Waktu sudah memasuki subuh Amran dan pakdhe Idris menuju masjid, keduanya bergantian dengan Janan dan ummi. Setelah sholat Janan berpamitan pada ummi untuk kembali ke pondok karena pagi ini Nina ada jam kuliah.
"Mobil Nina biar dikembalikan Aam saja Nan." pinta ummi.
"Tidak ummi, Janan juga bisa nyetir kok. Mas Amran lebih dibutuhkan disini. Janan sekalian mau menyelesaikan urusan kuliah juga. Permisi ya ummi, Assalamu'alaikum."
Kunci mobil dan STNK sudah Amran letakkan dibangku kosong dekat Janan, keduanya tak berani menatap. Ada khawatir bercampur dengan rasa tertahan dari keduanya, tapi ini bukan saatnya untuk saling berbagi rasa. Sesuatu yang belum halal menahan mereka untuk tidak saling berinteraksi lebih dalam.
Cukup seperti ini saja, hanya doa yang mampu Janan panjatkan agar Abi baik-baik saja dan sulung beliau cukup bisa dikatakan dewasa ketika harus bersikap layaknya anak lelaki tertua.
Janan memasuki halaman pondok lalu mobil Nina ia parkir menghadap gerbang, segera Janan menuju kamar Nina.
"Assalamu'alaikum Nin." ketuk Janan, dari dalam terdengar sambutan salam.
"Nan gimana kondisi Abi?" tanya Nina begitu pintu terbuka.
"Masih dalam observasi, sepertinya kondisi Abi agak parah Nin. Aku mau kembalikan mobil, ini kuncinya kamu ada kuliah kan?"
"Semoga Abi nggak pa-pa ya Nan. Kamu juga kuliah kan, aku antar sekalian."
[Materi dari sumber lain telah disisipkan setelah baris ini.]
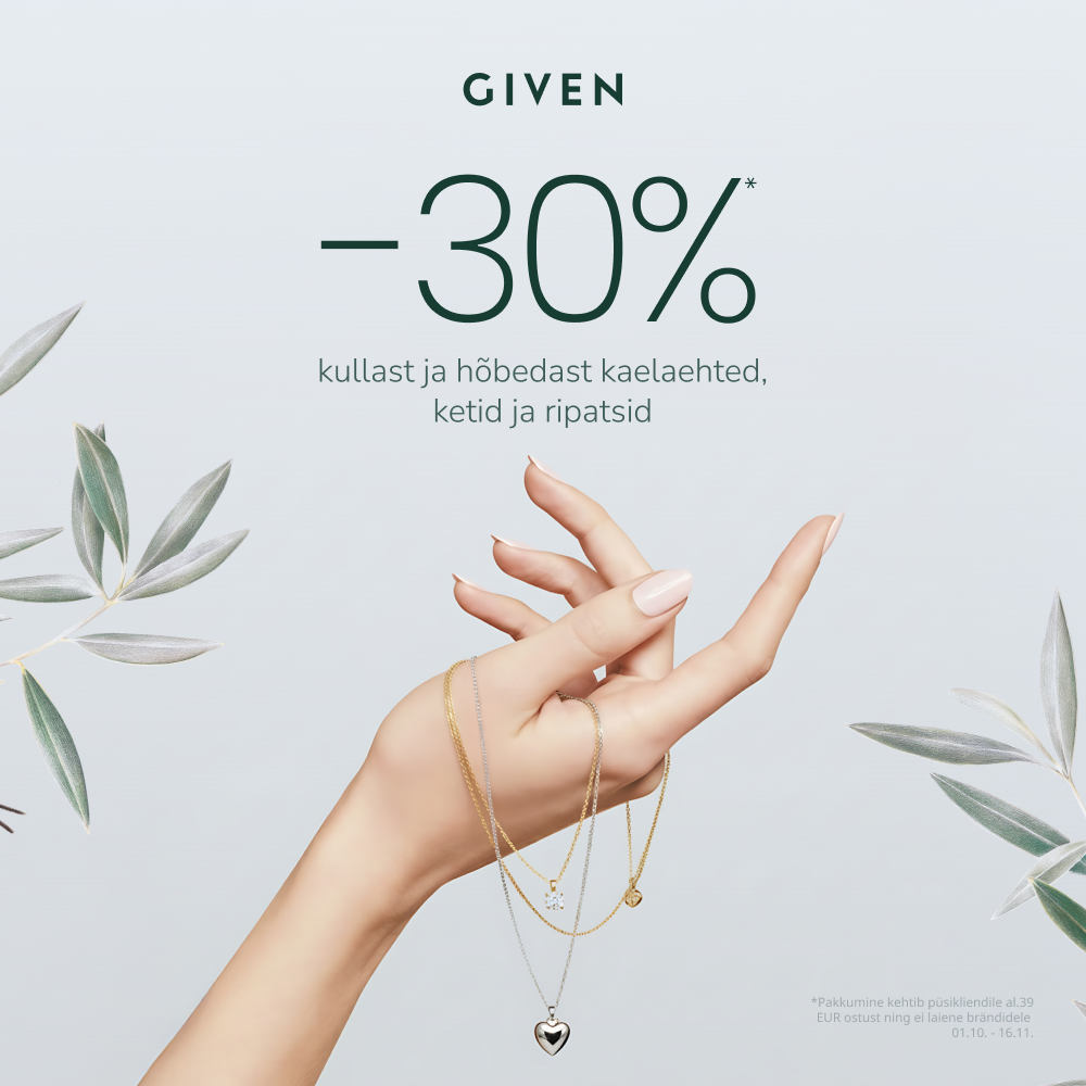 2. Valik kullast ja hõbedast kaelaehted, ketid ja ripatsid –30% Periood: 01.10.–16.11.2025.

"Makasih Nin. Tapi kampus kita jauhan, kamu duluan aja. Masih banyak yang harus aku selesaikan."
"Oke deh, nanti pulang kuliah Insya Allah aku liat Abi dulu. Rumah sakitnya kan deketan sama kampus."
"Iya deh makasih, nanti hati-hati dijalan ya." Janan pamit kepada santri pondok yang sebaya dengannya itu.
***
Telinga Janan menangkap tangis Azka begitu memasuki kediaman Abi. Azka menangis dalam gendongan simbok. Terlihat simbok yang sudah sepuh itu kesusahan menenangkan Azka. Janan segera mengambil alih gendongan.
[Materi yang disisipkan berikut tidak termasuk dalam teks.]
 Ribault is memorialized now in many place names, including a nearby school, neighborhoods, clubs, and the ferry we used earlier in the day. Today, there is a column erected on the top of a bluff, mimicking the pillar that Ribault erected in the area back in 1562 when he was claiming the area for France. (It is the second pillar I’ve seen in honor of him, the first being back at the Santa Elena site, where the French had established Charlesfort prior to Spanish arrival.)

"Azka sayang.. sama mbak Janan ya, sabar ya sayang ummi lagi nungguin Abi dirumah sakit."
Tangis Azka semakin kencang, disela itu simbok pamit membuatkan sarapan dan susu hangat. Kata beliau Zulikha dan Zafran sedang bersiap untuk sekolah. Apa mereka belum tau keadaan Abi? Mengingat semalam ummi tergesa menuju rumah sakit.
"Sayang Abi di rumah sakit biar sakitnya diobati jadi Insya Allah bisa cepat sembuh. Kalo Abi sembuh Azka juga seneng kan?" Janan menepuk dan mengelus punggung Azka untuk menenangkan.
Azka mengangguk, berangsur dia mulai diam tepat saat simbok memberikan susu hangat dalam botol. Janan segera mengambil lembar kertas ditengah buku tulis, ia mulai menuliskan surat ijin untuk Amran dan memasukkannya kedalam amplop putih.
Zulikha dan Zafran sudah siap untuk berangkat ke sekolah. "Simbok, Zulikha dan Zafran, mbak Janan mau bicara sebentar." semua menghentikan aktivitasnya.
"Abi kecelakaan ya mbak? Sahur tadi mas Aam telepon bangunin aku..." suara Zulikha tercekat, matanya terlihat sembab. Janan tak tega melihatnya ia mendekat dan menepuk bahu Zulikha untuk menguatkan.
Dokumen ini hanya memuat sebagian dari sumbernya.